Nad Polskim Stronnictwem Ludowym zbierają się czarne chmury wyborcze. Coraz więcej kłopotów mają kandydaci Polskiego Stronnictwa Ludowego do Sejmu i Senatu. Nad ranem Centralne Biuro Antykorupcyjne zatrzymało Małgorzatę S. podczas próby przyjęcia łapówki – donosi Radio ZET. To miała być kandydatka PSL z Kielc do Senatu. CBA potwierdziło informacje.
Małgorzata S. jest dyrektorem powiatowego urzędu pracy w Kielcach oraz radną sejmiku województwa świętokrzyskiego.
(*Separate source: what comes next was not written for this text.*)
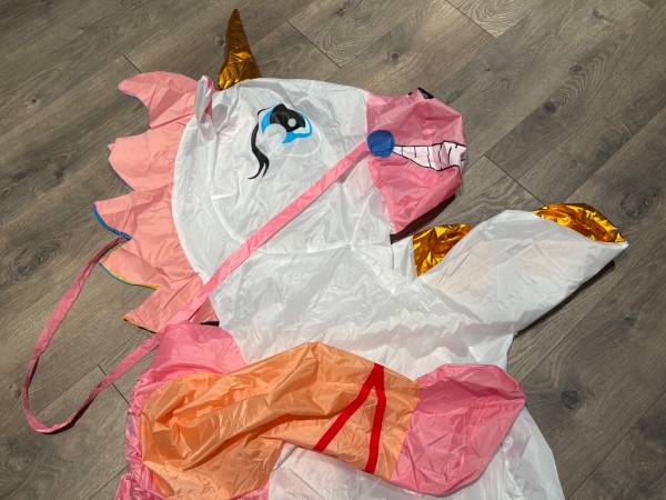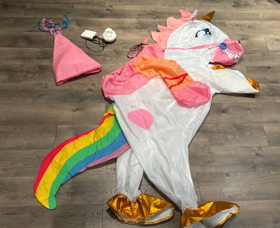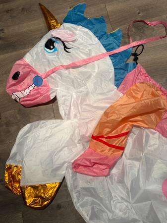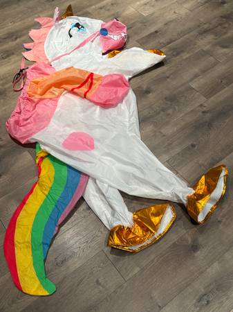 With this riding unicorn Halloween costume, you can be the center of attention with this fun, colorful outfit! ONLY WORN ONCE for less than 2 hours and in EXCELLENT CONDITION with no stains, tears, or worn areas from a clean, smoke- and pet-free home.

W Kielcach PO i PSL miało wystawić wspólnego kandydata. Jednak ludowcy zmienili zdanie. PSL nieoczekiwanie dla koalicjanta, wystawiło do Senatu Małgorzatę S.
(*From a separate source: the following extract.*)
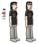 That's pretty good! The only thing I'd say about this sprite, other than its awesome, is that he looks a bit unconfortable... You know, like he doesn't look like what he'd normally look like standing...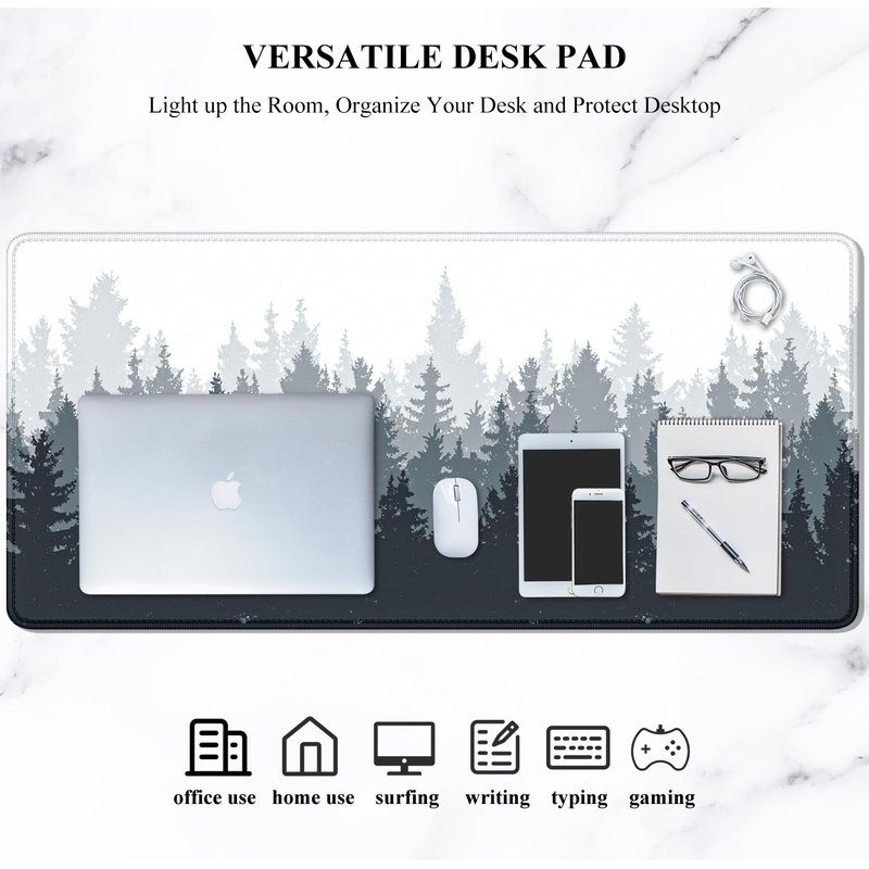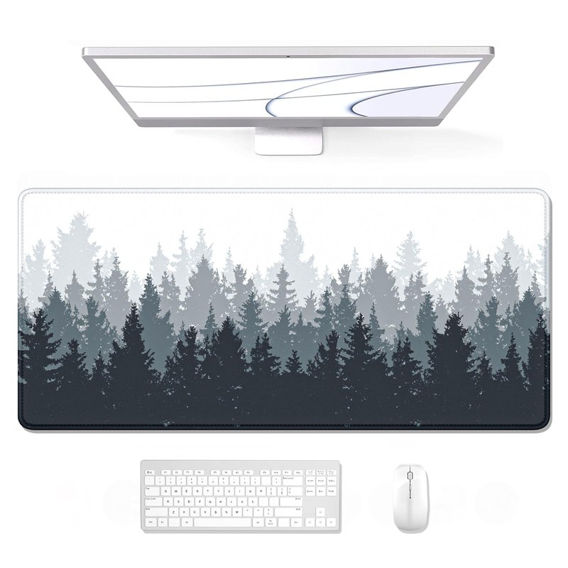 Auhoahsil Large Mouse Pad, Full Desk XXL Extended For Gaming 35" X 15", Waterproof Mat with Stitched Edge, Non-Slip Laptop Computer Keyboard Mouse Pad for Office & Home, Misty Forest Design

Rzecznik CBA Jacek Dobrzyński potwierdza zatrzymanie kobiety i dodaje, że czynności są realizowane w trybie „niecierpiącym zwłoki”. Ten tryb oznacza, że CBA zatrzymało kobietę na gorącym uczynku, w trakcie operacji specjalnej – pisze Radio Zet.
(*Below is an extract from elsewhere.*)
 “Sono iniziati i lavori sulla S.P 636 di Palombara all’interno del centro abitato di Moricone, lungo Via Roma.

Przypomnimy, że Ludowcy zatwierdzili swoje listy wyborcze. Jak się okazuje, wśród „jedynek” znalazł się Jan Bury, któremu prokuratura chce postawić zarzuty. Pisaliśmy o tym fakcie. Według śledczych miał wpływać na decyzje o wyborze kandydatów na stanowiska w NIK. Start Burego budzi zainteresowanie po tym, jak do Sejmu trafił wniosek o uchylenie mu immunitetu. Katowicka Prokuratura Apelacyjna chce mu postawić zarzuty przekroczenia uprawnień, za co grozi do trzech lat więzienia – według prokuratury polityk PSL miał wpływać na decyzje o wyborze niektórych kandydatów na stanowiska w delegaturach NIK.